The law used against brown people was originally created to target white people.

July 6, 1798: President John Adams signed the Alien Enemies Act into law.

Long before Japanese Americans were incarcerated during World War II, or deportation raids and detention centers for Latino immigrants, there was the French.

In 1798, during the later stages of the French Revolution and growing tensions between the United States and revolutionary France, the U.S. government passed a series of laws known as the Alien and Sedition Acts.

The most enduring of them was the Alien Enemies Act — a sweeping law that allowed the president to arrest, detain, or deport any non-citizen male over the age of 14 from a nation the United States was at war with. No trial required.

Unlike the other Alien and Sedition Acts, this provision faced relatively little opposition from the Democratic-Republicans and remained on the books after the others expired.

During the French Revolution, their king was executed in 1793. Fearing their own people might revolt, the American government passed the Alien Enemies Act — just in case.

Courtesy of Library of Congress

Courtesy of Library of Congress

John Adams, the second president of the United States. He signed the Alien Enemies Act of 1798 into law. This law is that old.

Courtesy of Library of Congress

Courtesy of Library of Congress

Representatives Matthew Lyon (Republican) and Roger Griswold (Federalist) got into a full blown fistfight over who posed the bigger threat: the French or the British.

Courtesy of the National Archives & Records Administration

Courtesy of the National Archives & Records Administration

The Battle of New Orleans during the War of 1812. That conflict saw President Madison invoke the Alien Enemies Act against British nationals living in the United States.

Courtesy of Library of Congress

Courtesy of Library of Congress

German immigrants about to be deported in Hoboken, New Jersey in 1919. Their only crime: being from a country the U.S. was at war with.

Courtesy of Library of Congress

Courtesy of Library of Congress

German immigrants incarcerated at Fort Douglas, Utah, during World War I. Over 2,000 German born civilians were arrested under the Alien Enemies Act.

Fear of Other White People

The law was rooted in fear. Fear of foreign ideas. Fear of the “wrong” people having influence.

Fear that loyalty to America had to be proven — or punished.

After the Quasi-War with France ended in 1800, the law remained largely dormant for years. But it would resurface whenever the United States entered major wars.

First, President James Madison invoked the act during the War of 1812, targeting British nationals living in the United States.

Then, during World War I, President Woodrow Wilson invoked the act against nationals of the Central Powers, including Germany, Austria-Hungary, the Ottoman Empire, and Bulgaria.

World War II

Then things shifted during WWII.

Fear again swept the country after the attack on Pearl Harbor. The Alien Enemies Act was invoked against thousands of Japanese, German, and Italian nationals living in the United States. At the same time, a much broader policy unfolded.

It didn’t matter if they were under 14. It didn’t matter if they were World War I veterans. It didn’t matter if they were born in the United States. They were removed without charges, without trials, and imprisoned in American concentration camps.

Decades later, the U.S. government formally acknowledged the injustice when the Civil Liberties Act of 1988 issued an apology and provided reparations.

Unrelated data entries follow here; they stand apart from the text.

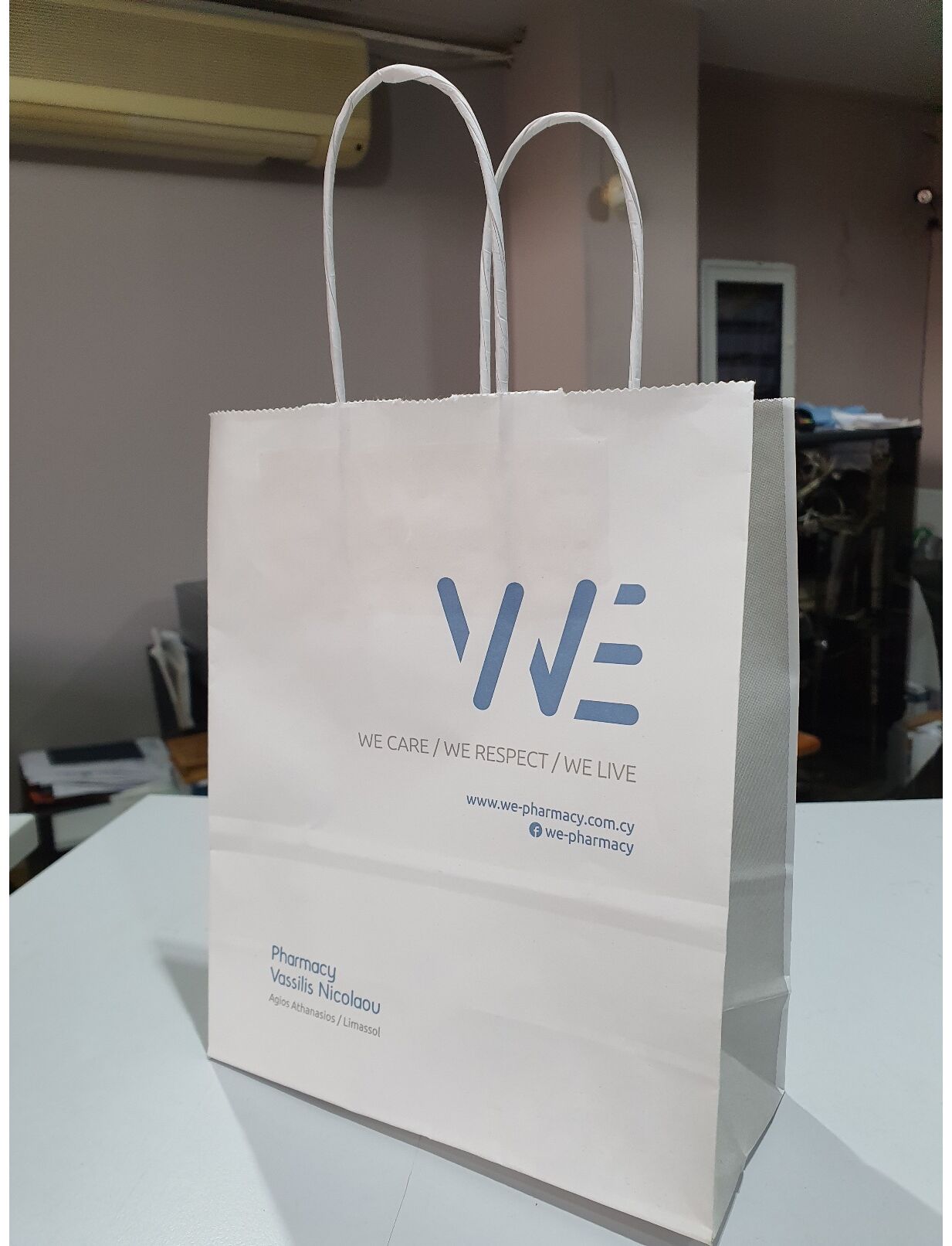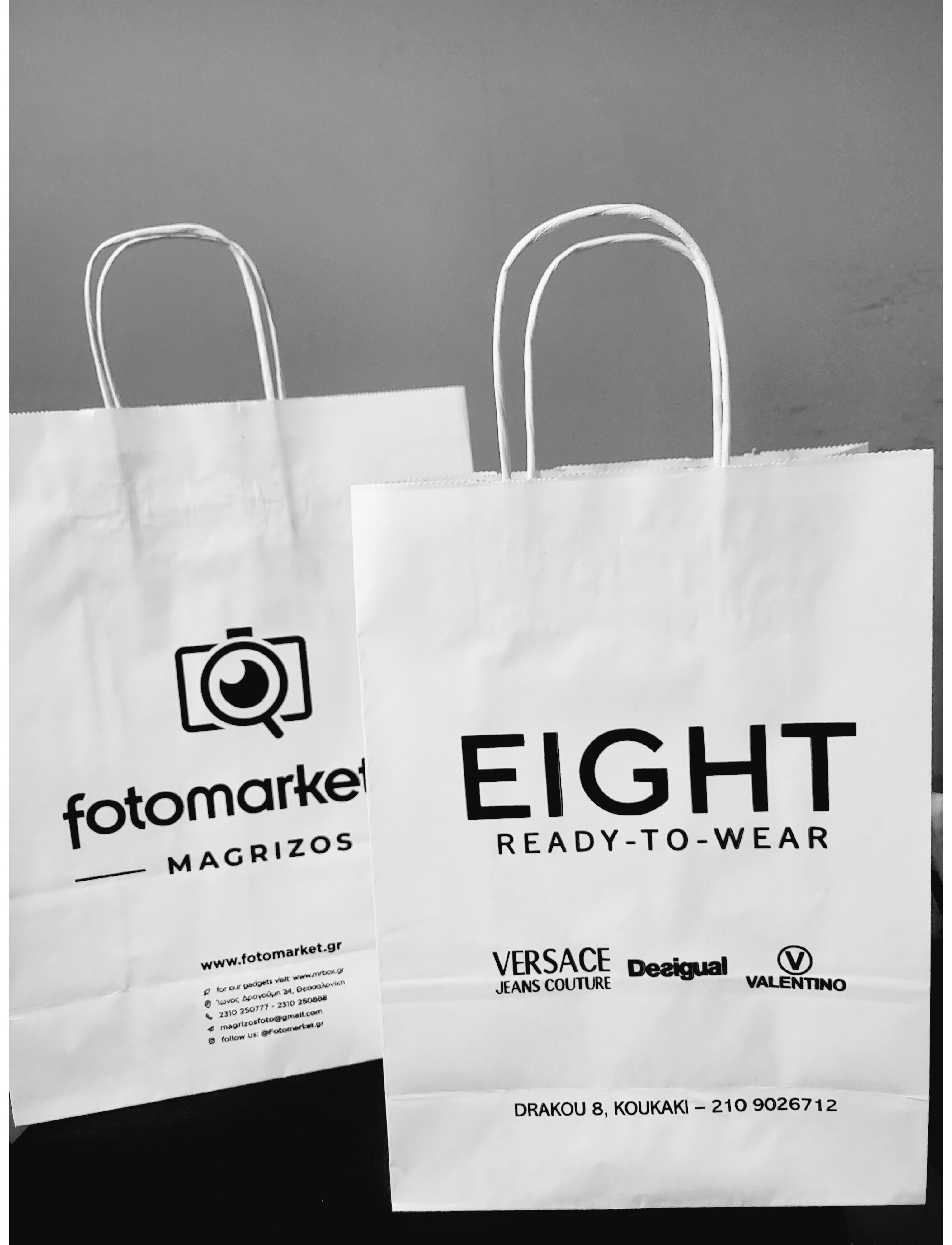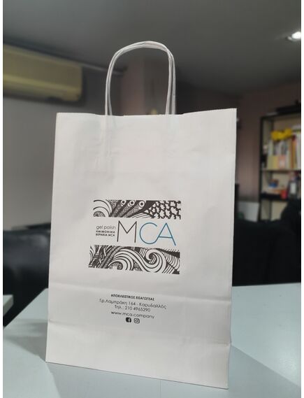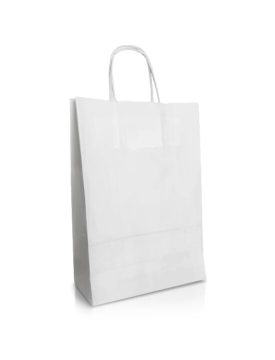 Σακούλες σε λευκό χρώμα με στριφτό χεράκι κατάλληλες για κάθε είδους κατάστημα/επιχείρηση τυπωμένες με το λογότυπό σας ώστε να δώσετε ταυτότητα στο εμπόρευμά σας.
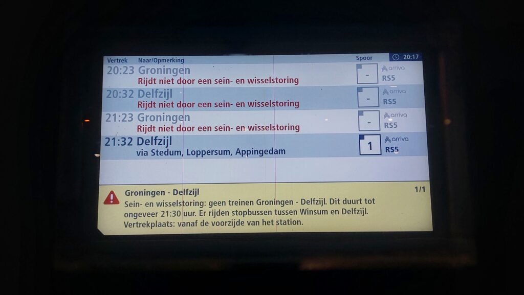De problemen ontstonden in het begin van de avond. Door een storing konden de seinen en wissels op het baanvak niet goed bediend worden. Spoorbeheerder ProRail besloot daarop het treinverkeer stil te leggen. Vervoersbedrijf Arriva zette bussen in, die tussen Sauwerd en Delfzijl pendelden.
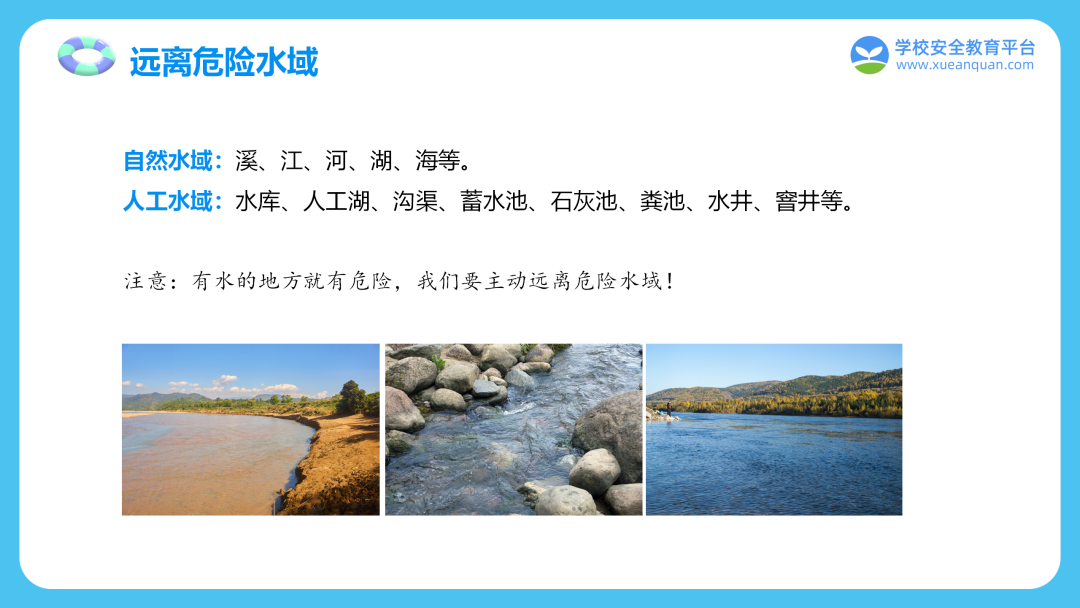 江、河、湖、海等自然水域及水渠、水库、水坑等人工开放性水域存在诸多危险,且遇险难以及时获救。游泳、玩水请在大人陪同下选择正规场所,并使用泳圈、浮板等保护装备。
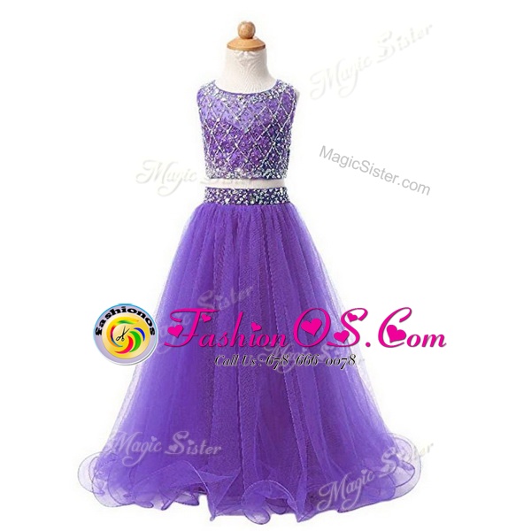Customized Scoop Sleeveless Organza Flower Girl Dress Beading Zipper
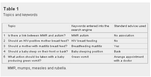 Cuando los médicos hemos llegado a la evidente conclusión de que digamos lo que digamos, los pacientes recurren a Internet para obtener información médica sobre los procesos que padecen, la siguiente apuesta es determinar la exactitud de la información que está en la red. Para comprobarlo, pediatras del Reino Unido en un artículo titulado Googling children’s health: reliability of medical advice on the internet utilizan búsqueda en Google – estos si siguen al menos el patrón de búsqueda de la mayoría de los pacientes- con cinco términos que define temas frecuentes en pediatría (vacuna del sarampión-paperas-rubéola y autismo, la infección por el VIH y lactancia, mastitis y lactancia y posición de los bebes para dormir y Vómitos biliosos de los lactantes.) -ver tabla1:
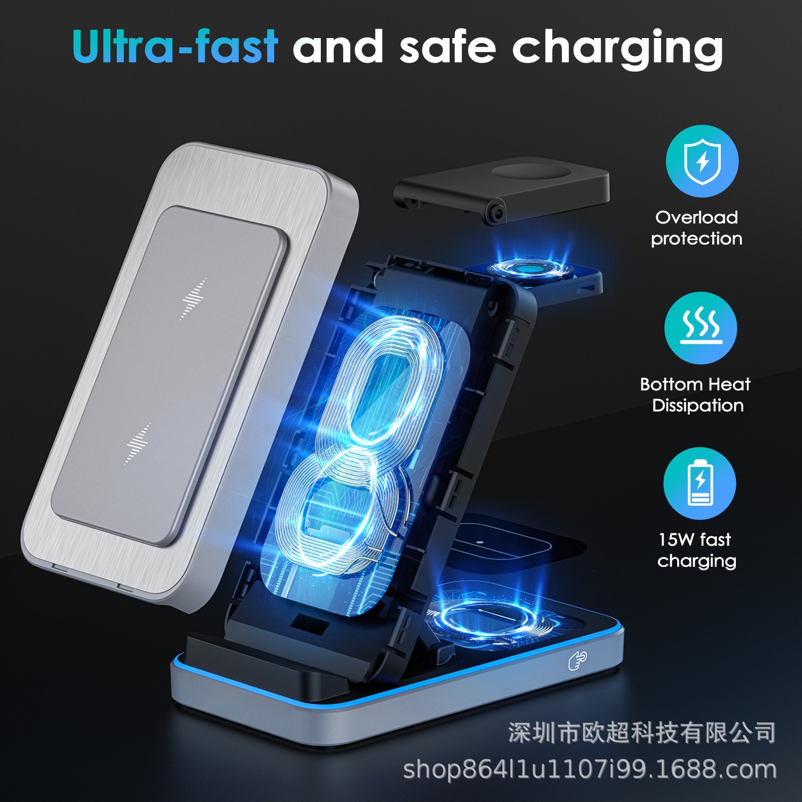 无线充电器三合一折叠支架立式适用苹果手机手表耳机快充多国认证
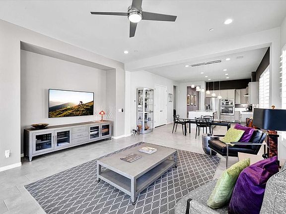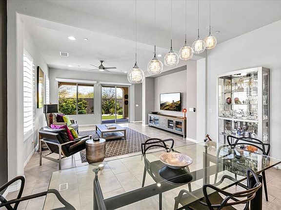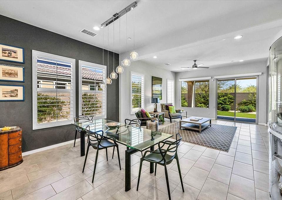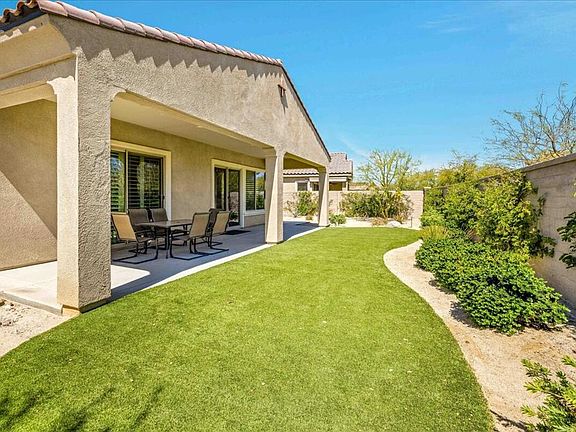Embrace the Desert's upscale 55+ active adult community--Del Webb at Rancho Mirage. Your own 'SOLITUDE' model home awaits. Premium location on oversized lot featuring extended rear patio cover with lush desert curb appeal. OWNED solar. Refreshed contemporary style home with modern clean lines & bright interior. High ceilings and oversize windows frame picturesque desert views. Private enclosed backyard overlooks expansive open space. Low maintenance landscape feels lush with synthetic turf and mature trees. Gourmet kitchen features 6-burner cooktop, wall oven microwave combo. Tasteful gray cabinetry, gorgeous oversize quartz waterfall island, quartz counters and backsplash, large pantry. Stunning pendant chandelier lights adjacent dining. Spacious primary suite with slider to back patio, spa-like bath and walk-in closet. Layout inviting for guests--2nd bedroom and bath PLUS den. Modern ceiling fans, easy-care plank-style tile flooring, carpet in bedrooms. Custom window shades & shutters. Eye-catching accent walls, designer wallpaper & tile. Newer Toto toilets. So many upgrades to fixtures & finishes! Laundry boasts added storage cabinetry. Gated community offers world-class amenities to enjoy: 24-hr guard gate entrance, miles of meandering pathways, Outlook Community Center, resort-style pool & spa, tennis, pickleball, bocce, fitness center and more. Enjoy gorgeous interior, lounge outdoors, stargaze--this property is the IDEAL place to call HOME! Stop searching and START living!
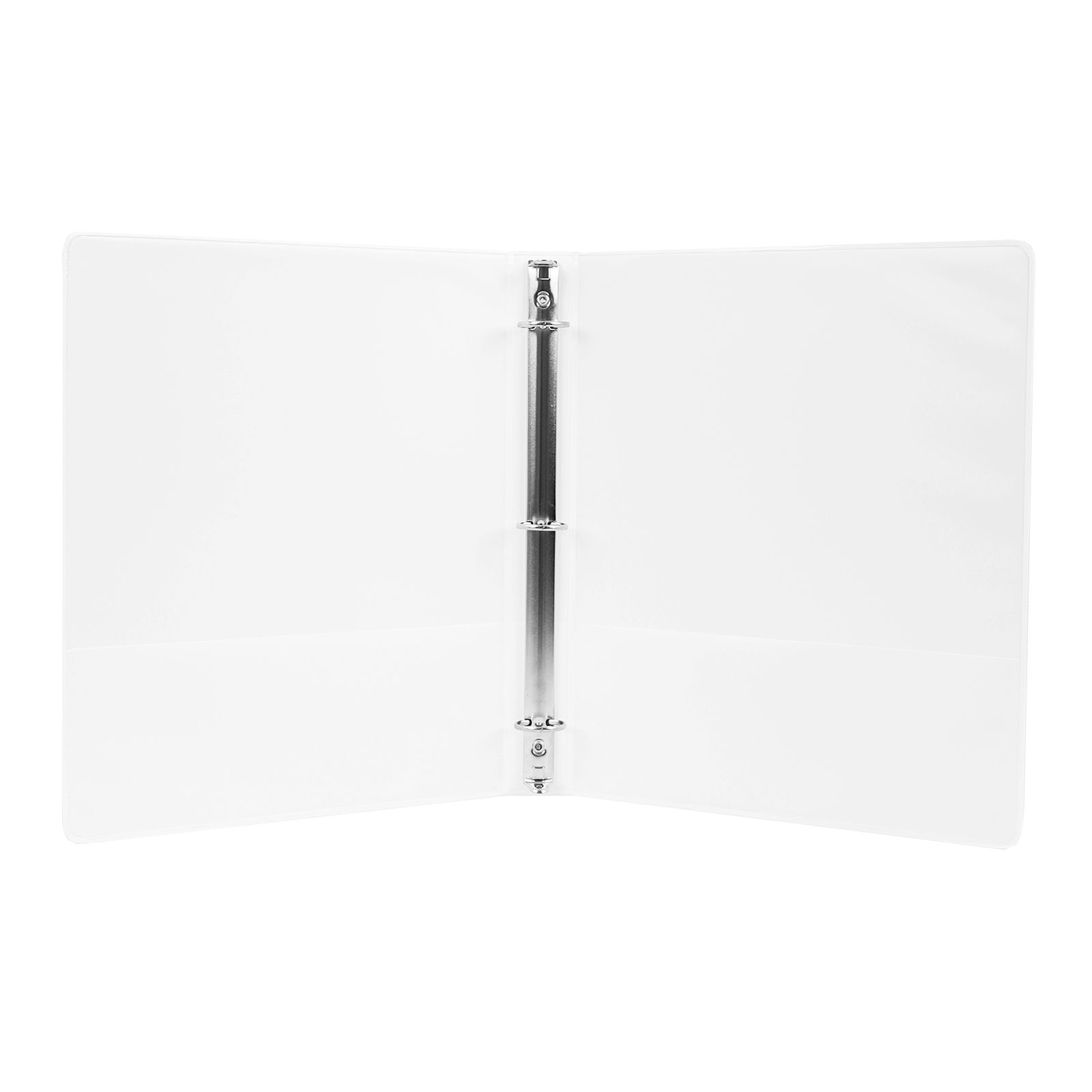 Depth capacity of 1" Holds letter-size sheets Basic white color PVC free manufacturing 1" round rings Holds up to 175 sheets 2 inside pockets Includes 6 white binders Warranty: 30 days
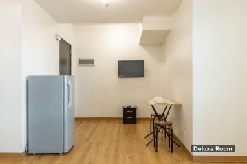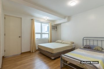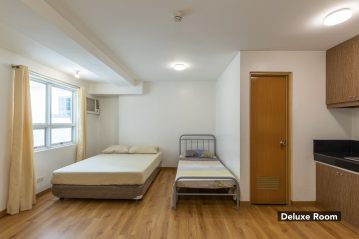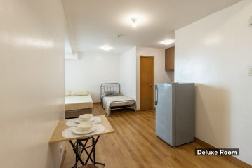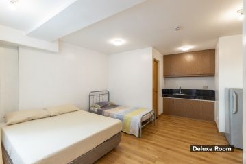 | Deluxe | Studio Type with 1 Queen Sized + 1 Single Sized Bed, Aircon, Personal Refrigerator, TV with TV Plus | 3 | 4 | 1,300.00 | 15,000.00 | plus HOA | |||
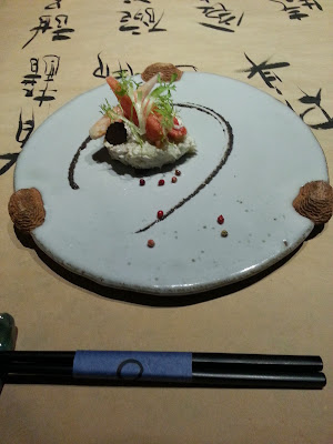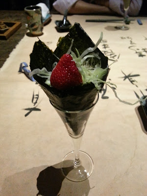 看似簡單的菜色,但廚師突然出現,即場製作手卷,在我們面前把紫菜烤熱後把米飯跟草莓包起來,草莓非常鮮甜,而且用的不是一般的壽司飯,是炸過的米飯,咬下酥脆,本來很簡單的菜色但經過改良後加點創意也可變成特別的一道菜。
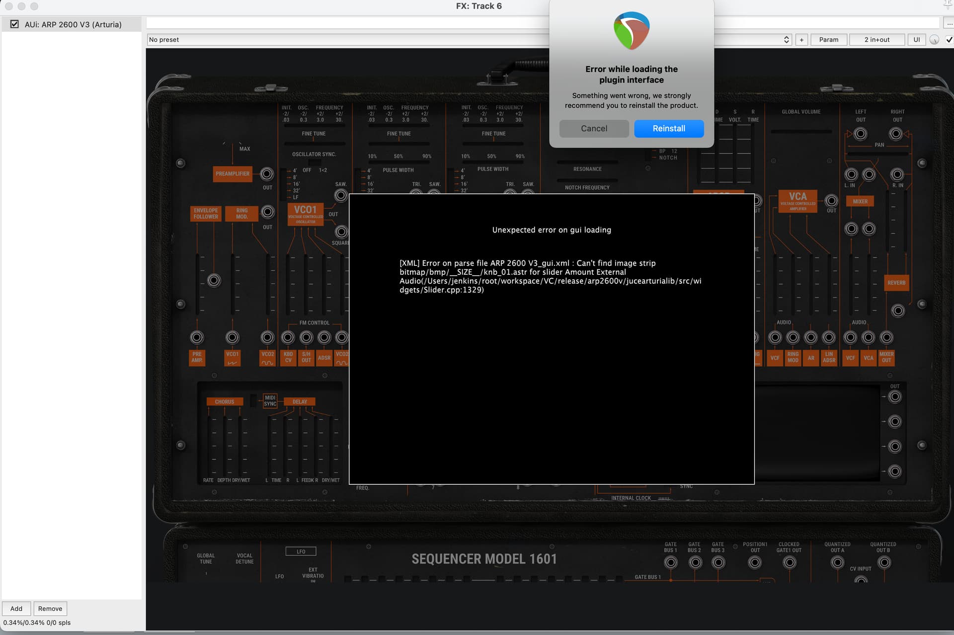 I am running on MacOS Sequoia 15.6.1, some instruments in V Collection 9 give me this error when trying to open in Reaper. I get errors loading ARP 2600, Mellotron, Synclavier, Modular V3. Others are fine, such as Jun-6 V, Piano V3, Mini V3.
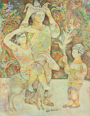 Born in Kolkata in 1935, Sakti Burman studied at the Government College of Arts and Crafts, Kolkata, and later at the École Nationale des Beaux Arts in Paris. Burman uses pointillism and a marbling technique achieved by blending oils with acrylics to create fresco-like works on paper and canvas. Burman’s paintings often evoke a surrealist feel, referencing multiplicities of time and place. His art drew extensively from Hindu and European...

Photography by Dorothea Lange

Photography by Dorothea Lange

The Alien Enemies Act of 1798 authorized detention of non-citizens from enemy nations, but the mass incarceration of Japanese Americans extended far beyond that.

President Reagan signed the Civil Liberties Act of 1988 to formally apologize for the wartime incarceration of Japanese Americans and acknowledged it as a grave injustice.

Courtesy of The White House

Courtesy of The White House

Inside a modern U.S. detention facility. More than two centuries after its passage, the Alien Enemies Act of 1798 remains on the books as a law presidents may invoke.

Over 200 Years Later

The Alien Enemies Act has never been repealed. It still exists in U.S. law today. Over the centuries it has been revived again and again during moments of fear and war, often targeting immigrants from countries labeled hostile to the United States.

In March 2025, President Donald Trump invoked the act in a proclamation describing an alleged “invasion” by the Venezuelan criminal group Tren de Aragua.

More than two centuries after it was written, the law remains a powerful wartime authority in the hands of the executive branch.

A law originally created to control white European immigrants still sits on the books today. What we choose to do with it — and who it is used against — remains a question for every generation.